Exercise description »
Repeat every record below, word for word.

Records for this task »
· · · · ·

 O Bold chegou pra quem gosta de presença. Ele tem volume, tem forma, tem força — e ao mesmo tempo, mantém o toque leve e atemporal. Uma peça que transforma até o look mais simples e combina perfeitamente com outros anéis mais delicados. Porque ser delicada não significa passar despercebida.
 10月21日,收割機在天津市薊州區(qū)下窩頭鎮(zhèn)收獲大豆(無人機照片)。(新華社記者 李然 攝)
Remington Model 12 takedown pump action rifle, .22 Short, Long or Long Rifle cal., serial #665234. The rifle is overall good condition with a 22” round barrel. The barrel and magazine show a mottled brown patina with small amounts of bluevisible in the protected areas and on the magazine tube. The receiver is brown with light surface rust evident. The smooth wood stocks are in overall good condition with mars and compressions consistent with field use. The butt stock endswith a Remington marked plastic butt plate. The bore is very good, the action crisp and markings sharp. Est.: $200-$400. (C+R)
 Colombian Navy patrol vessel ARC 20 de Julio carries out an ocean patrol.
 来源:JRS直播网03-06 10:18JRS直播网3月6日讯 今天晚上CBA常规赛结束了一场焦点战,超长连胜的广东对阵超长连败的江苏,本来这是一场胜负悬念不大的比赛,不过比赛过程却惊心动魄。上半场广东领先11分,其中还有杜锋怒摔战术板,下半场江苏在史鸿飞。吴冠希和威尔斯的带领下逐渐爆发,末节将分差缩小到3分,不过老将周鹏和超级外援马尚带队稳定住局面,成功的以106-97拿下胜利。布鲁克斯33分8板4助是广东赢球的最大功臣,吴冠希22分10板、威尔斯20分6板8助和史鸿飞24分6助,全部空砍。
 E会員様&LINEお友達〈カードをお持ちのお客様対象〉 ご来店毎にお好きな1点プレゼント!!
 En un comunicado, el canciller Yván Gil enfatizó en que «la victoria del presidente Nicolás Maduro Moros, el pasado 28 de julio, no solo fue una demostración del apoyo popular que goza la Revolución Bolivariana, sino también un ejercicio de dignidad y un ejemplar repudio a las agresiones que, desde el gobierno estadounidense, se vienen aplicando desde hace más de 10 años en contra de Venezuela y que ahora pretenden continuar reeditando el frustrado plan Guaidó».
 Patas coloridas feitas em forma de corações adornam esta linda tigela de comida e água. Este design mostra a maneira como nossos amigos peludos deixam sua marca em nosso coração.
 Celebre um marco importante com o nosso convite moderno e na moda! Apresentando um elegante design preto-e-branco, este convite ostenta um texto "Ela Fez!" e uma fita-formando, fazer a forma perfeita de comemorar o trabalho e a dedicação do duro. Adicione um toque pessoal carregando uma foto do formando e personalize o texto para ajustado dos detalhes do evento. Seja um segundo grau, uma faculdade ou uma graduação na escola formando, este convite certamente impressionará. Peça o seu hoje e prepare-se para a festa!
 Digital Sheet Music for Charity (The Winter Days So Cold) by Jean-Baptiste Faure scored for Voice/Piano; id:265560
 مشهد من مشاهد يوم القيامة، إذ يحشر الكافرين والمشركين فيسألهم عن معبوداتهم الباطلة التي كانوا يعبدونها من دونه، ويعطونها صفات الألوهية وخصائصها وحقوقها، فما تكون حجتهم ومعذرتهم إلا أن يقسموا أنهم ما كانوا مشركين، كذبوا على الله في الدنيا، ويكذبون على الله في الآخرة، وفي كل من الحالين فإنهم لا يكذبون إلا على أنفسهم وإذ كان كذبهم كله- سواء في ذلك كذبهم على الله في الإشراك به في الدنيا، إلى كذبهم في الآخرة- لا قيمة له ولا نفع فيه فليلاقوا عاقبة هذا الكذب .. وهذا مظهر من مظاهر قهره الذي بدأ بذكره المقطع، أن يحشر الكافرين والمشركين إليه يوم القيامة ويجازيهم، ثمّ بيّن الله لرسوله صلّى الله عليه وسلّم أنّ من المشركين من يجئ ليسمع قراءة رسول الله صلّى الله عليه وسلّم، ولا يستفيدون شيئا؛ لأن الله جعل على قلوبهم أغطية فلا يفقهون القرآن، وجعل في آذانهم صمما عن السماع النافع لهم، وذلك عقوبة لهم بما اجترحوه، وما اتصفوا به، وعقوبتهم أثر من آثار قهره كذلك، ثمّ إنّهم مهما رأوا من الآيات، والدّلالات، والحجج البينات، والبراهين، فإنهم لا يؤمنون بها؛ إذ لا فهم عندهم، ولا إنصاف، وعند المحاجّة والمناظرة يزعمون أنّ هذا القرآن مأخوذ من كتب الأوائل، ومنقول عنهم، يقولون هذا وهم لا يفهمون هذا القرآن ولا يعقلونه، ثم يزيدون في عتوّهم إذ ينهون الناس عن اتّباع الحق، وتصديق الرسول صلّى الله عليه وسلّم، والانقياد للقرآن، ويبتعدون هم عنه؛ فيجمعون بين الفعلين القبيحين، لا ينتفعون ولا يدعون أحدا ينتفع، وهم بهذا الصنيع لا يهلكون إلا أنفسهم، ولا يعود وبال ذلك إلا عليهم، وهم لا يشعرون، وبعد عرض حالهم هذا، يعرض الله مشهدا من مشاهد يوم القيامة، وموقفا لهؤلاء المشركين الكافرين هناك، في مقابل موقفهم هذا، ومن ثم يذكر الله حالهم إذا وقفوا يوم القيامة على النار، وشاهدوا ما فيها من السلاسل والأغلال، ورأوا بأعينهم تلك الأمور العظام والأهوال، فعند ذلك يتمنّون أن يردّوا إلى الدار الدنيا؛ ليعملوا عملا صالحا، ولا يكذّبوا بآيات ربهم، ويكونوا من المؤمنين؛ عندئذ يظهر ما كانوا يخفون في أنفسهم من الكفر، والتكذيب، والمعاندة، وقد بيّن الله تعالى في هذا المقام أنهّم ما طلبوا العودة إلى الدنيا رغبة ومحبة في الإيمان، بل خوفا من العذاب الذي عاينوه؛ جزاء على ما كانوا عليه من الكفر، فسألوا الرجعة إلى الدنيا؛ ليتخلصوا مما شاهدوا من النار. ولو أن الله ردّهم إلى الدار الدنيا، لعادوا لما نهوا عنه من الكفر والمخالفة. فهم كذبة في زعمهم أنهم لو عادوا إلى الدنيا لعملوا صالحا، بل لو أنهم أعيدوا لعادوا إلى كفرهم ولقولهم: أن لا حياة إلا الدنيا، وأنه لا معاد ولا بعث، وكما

· · · · ·

Task answer »
 O Bold chegou pra quem gosta de presença. Ele tem volume, tem forma, tem força — e ao mesmo tempo, mantém o toque leve e atemporal. Uma peça que transforma até o look mais simples e combina perfeitamente com outros anéis mais delicados. Porque ser delicada não significa passar despercebida.
 10月21日,收割機在天津市薊州區(qū)下窩頭鎮(zhèn)收獲大豆(無人機照片)。(新華社記者 李然 攝)
Remington Model 12 takedown pump action rifle, .22 Short, Long or Long Rifle cal., serial #665234. The rifle is overall good condition with a 22” round barrel. The barrel and magazine show a mottled brown patina with small amounts of bluevisible in the protected areas and on the magazine tube. The receiver is brown with light surface rust evident. The smooth wood stocks are in overall good condition with mars and compressions consistent with field use. The butt stock endswith a Remington marked plastic butt plate. The bore is very good, the action crisp and markings sharp. Est.: $200-$400. (C+R)
 Colombian Navy patrol vessel ARC 20 de Julio carries out an ocean patrol.
 来源:JRS直播网03-06 10:18JRS直播网3月6日讯 今天晚上CBA常规赛结束了一场焦点战,超长连胜的广东对阵超长连败的江苏,本来这是一场胜负悬念不大的比赛,不过比赛过程却惊心动魄。上半场广东领先11分,其中还有杜锋怒摔战术板,下半场江苏在史鸿飞。吴冠希和威尔斯的带领下逐渐爆发,末节将分差缩小到3分,不过老将周鹏和超级外援马尚带队稳定住局面,成功的以106-97拿下胜利。布鲁克斯33分8板4助是广东赢球的最大功臣,吴冠希22分10板、威尔斯20分6板8助和史鸿飞24分6助,全部空砍。
 E会員様&LINEお友達〈カードをお持ちのお客様対象〉 ご来店毎にお好きな1点プレゼント!!
 En un comunicado, el canciller Yván Gil enfatizó en que «la victoria del presidente Nicolás Maduro Moros, el pasado 28 de julio, no solo fue una demostración del apoyo popular que goza la Revolución Bolivariana, sino también un ejercicio de dignidad y un ejemplar repudio a las agresiones que, desde el gobierno estadounidense, se vienen aplicando desde hace más de 10 años en contra de Venezuela y que ahora pretenden continuar reeditando el frustrado plan Guaidó».
 Patas coloridas feitas em forma de corações adornam esta linda tigela de comida e água. Este design mostra a maneira como nossos amigos peludos deixam sua marca em nosso coração.
 Celebre um marco importante com o nosso convite moderno e na moda! Apresentando um elegante design preto-e-branco, este convite ostenta um texto "Ela Fez!" e uma fita-formando, fazer a forma perfeita de comemorar o trabalho e a dedicação do duro. Adicione um toque pessoal carregando uma foto do formando e personalize o texto para ajustado dos detalhes do evento. Seja um segundo grau, uma faculdade ou uma graduação na escola formando, este convite certamente impressionará. Peça o seu hoje e prepare-se para a festa!
 Digital Sheet Music for Charity (The Winter Days So Cold) by Jean-Baptiste Faure scored for Voice/Piano; id:265560
 مشهد من مشاهد يوم القيامة، إذ يحشر الكافرين والمشركين فيسألهم عن معبوداتهم الباطلة التي كانوا يعبدونها من دونه، ويعطونها صفات الألوهية وخصائصها وحقوقها، فما تكون حجتهم ومعذرتهم إلا أن يقسموا أنهم ما كانوا مشركين، كذبوا على الله في الدنيا، ويكذبون على الله في الآخرة، وفي كل من الحالين فإنهم لا يكذبون إلا على أنفسهم وإذ كان كذبهم كله- سواء في ذلك كذبهم على الله في الإشراك به في الدنيا، إلى كذبهم في الآخرة- لا قيمة له ولا نفع فيه فليلاقوا عاقبة هذا الكذب .. وهذا مظهر من مظاهر قهره الذي بدأ بذكره المقطع، أن يحشر الكافرين والمشركين إليه يوم القيامة ويجازيهم، ثمّ بيّن الله لرسوله صلّى الله عليه وسلّم أنّ من المشركين من يجئ ليسمع قراءة رسول الله صلّى الله عليه وسلّم، ولا يستفيدون شيئا؛ لأن الله جعل على قلوبهم أغطية فلا يفقهون القرآن، وجعل في آذانهم صمما عن السماع النافع لهم، وذلك عقوبة لهم بما اجترحوه، وما اتصفوا به، وعقوبتهم أثر من آثار قهره كذلك، ثمّ إنّهم مهما رأوا من الآيات، والدّلالات، والحجج البينات، والبراهين، فإنهم لا يؤمنون بها؛ إذ لا فهم عندهم، ولا إنصاف، وعند المحاجّة والمناظرة يزعمون أنّ هذا القرآن مأخوذ من كتب الأوائل، ومنقول عنهم، يقولون هذا وهم لا يفهمون هذا القرآن ولا يعقلونه، ثم يزيدون في عتوّهم إذ ينهون الناس عن اتّباع الحق، وتصديق الرسول صلّى الله عليه وسلّم، والانقياد للقرآن، ويبتعدون هم عنه؛ فيجمعون بين الفعلين القبيحين، لا ينتفعون ولا يدعون أحدا ينتفع، وهم بهذا الصنيع لا يهلكون إلا أنفسهم، ولا يعود وبال ذلك إلا عليهم، وهم لا يشعرون، وبعد عرض حالهم هذا، يعرض الله مشهدا من مشاهد يوم القيامة، وموقفا لهؤلاء المشركين الكافرين هناك، في مقابل موقفهم هذا، ومن ثم يذكر الله حالهم إذا وقفوا يوم القيامة على النار، وشاهدوا ما فيها من السلاسل والأغلال، ورأوا بأعينهم تلك الأمور العظام والأهوال، فعند ذلك يتمنّون أن يردّوا إلى الدار الدنيا؛ ليعملوا عملا صالحا، ولا يكذّبوا بآيات ربهم، ويكونوا من المؤمنين؛ عندئذ يظهر ما كانوا يخفون في أنفسهم من الكفر، والتكذيب، والمعاندة، وقد بيّن الله تعالى في هذا المقام أنهّم ما طلبوا العودة إلى الدنيا رغبة ومحبة في الإيمان، بل خوفا من العذاب الذي عاينوه؛ جزاء على ما كانوا عليه من الكفر، فسألوا الرجعة إلى الدنيا؛ ليتخلصوا مما شاهدوا من النار. ولو أن الله ردّهم إلى الدار الدنيا، لعادوا لما نهوا عنه من الكفر والمخالفة. فهم كذبة في زعمهم أنهم لو عادوا إلى الدنيا لعملوا صالحا، بل لو أنهم أعيدوا لعادوا إلى كفرهم ولقولهم: أن لا حياة إلا الدنيا، وأنه لا معاد ولا بعث، وكما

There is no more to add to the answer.